I'd say, as a martial artist, do what he did.  In short, he never stopped learning.  Those are footsteps I'll walk in.

Yours,
Dan Anderson


----------



## Cebu West (Jan 22, 2003)

Many of Professor's high ranked students are turning to Balintawak to gain new depth into the roots of Modern Arnis. Researching and learning some of the old styles that Professor used as bases for Modern Arnis and expanding on them is a good way to stretch the art and move foreword in the progression of Modern Arnis. Knowing the roots of the art will help with expanding it in the future.

SAL


----------



## ace (Jan 23, 2003)

Beening a Student(Black Belt)
Under Datu Hartman i to have seen this.

It was My understanding that Remy
Created Modern Arnis to Defeat Balintawak.

But to beat it we have to know what it is about.
I see it as a corto styel full of sweet moves.
I feel for my self i prefer Largo Mano
but enjoy the training.


----------



## modarnis (Jan 24, 2003)

> _Originally posted by Dan Anderson _
> *I'd say, as a martial artist, do what he did.  In short, he never stopped learning.  Those are footsteps I'll walk in.
> 
> Yours,
> Dan Anderson *



So very true Dan.  Professor learned by doing, learned through his teaching and learned from watching everyone in a room.  He provided so many tools to us implicitly.  He was masterful at teaching beginners through positive reinforcement. It still shocks me that so many among us gloss over his message which was to train and have fun

A few points that may draw fire:

1.  The Professor provided us with the tools to master his art.  He left it to us to explore the order and intensity of their use

2.  I believe he purposely left many of the connections out so that we could reproduce his learning process as closely as possible given our cultural constraints.  Truth is, he initially learned his lessons the hard way.

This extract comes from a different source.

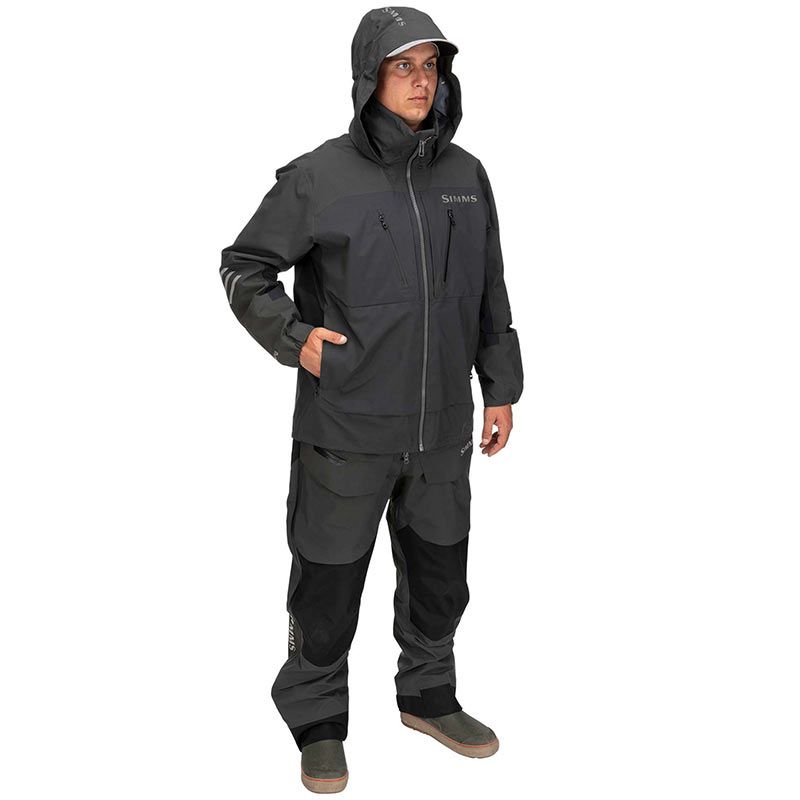 Simms ProDry Jacket – рыболовная куртка из прочной 3-слойной мембранной ткани, которая не позволит вам намокнуть даже во время шторма. Капюшон имеет 3-точечную регулировку и способен удерживаться даже при движениях на больших скоростях. Центральная молния водонепроницаема, как и нагрудные карманы на молнии. По бокам есть регулируемые карманы для рук с молнией, а также карман внутри куртки. У подола предусмотрено d-образное кольцо.

3.  He encouraged us to change partners and explore his art so we can learn what applies best to different opponents.  At his level he did this through observation and frequent training.

4.  Most of all, he fostered an air of community and friendship where ideas were exchanged, friendships were forged, and people had fun.  

Just a few random thoughts

Brett


----------



## dearnis.com (Jan 24, 2003)

a lot in that last post.
good stuff.


----------